Name: Anonymous 2012-07-21 21:06

>>1
Java is actually one of the fastest languages out there and it also has a very clear syntax. Using a fucklot of resources doesn't mean something is slow, but yes, it's a very bad thing. And objects are not even forced on you, only retarded code monkeys ``abstract" everything.

Java is slightly better than C++ for making small projects, as long as you don't fuck with the standard library.

So please stop pulling shit out of your anus, Java is not a complete failure.

Name: Anonymous 2012-07-21 23:49

>>94
And objects are not even forced on you,
That's why everything mustn't be in a class in Java.

Name: Anonymous 2012-07-22 22:19

>>95
Classes are not objects, this isn't Smalltalk bro.

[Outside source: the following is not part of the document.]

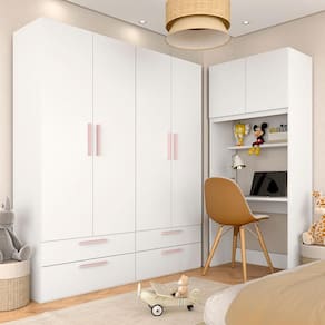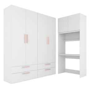Detalhes Técnicos: Medidas do Produto Montado: A:220cm x L:160cm x L:80cm x P:47cm Medida do Módulo 2pts 2gav:A:220cm x L:80cm x P:47cm Medida do Módulo 2pts: A:220cm x L:80cm x P:47cm Medida da Escrivaninha: A:74cm x L:80cm x P:47cm MDP 15/25mm Acabamento: Pintura UV Tonalidade: Branco/Rosa Puxadores: MDF 18mm Cabideiro interno: Alumínio Gaveta: corrediça metálica Prateleiras suporta até 5kg distribuído Gavetas suporta até 3kg distribuído

Name: Anonymous 2012-07-22 22:33

>>96
downvoted

Name: Anonymous 2012-07-22 22:49

>>97
upvoted

Name: Anonymous 2012-07-22 23:42

>>99
dubscheckem

Name: Anonymous 2012-07-23 8:39

100 get

>>99
nice dubz doode

Name: Anonymous 2012-07-23 9:04

>>96
Yes they are, they are just instances of the metaclass.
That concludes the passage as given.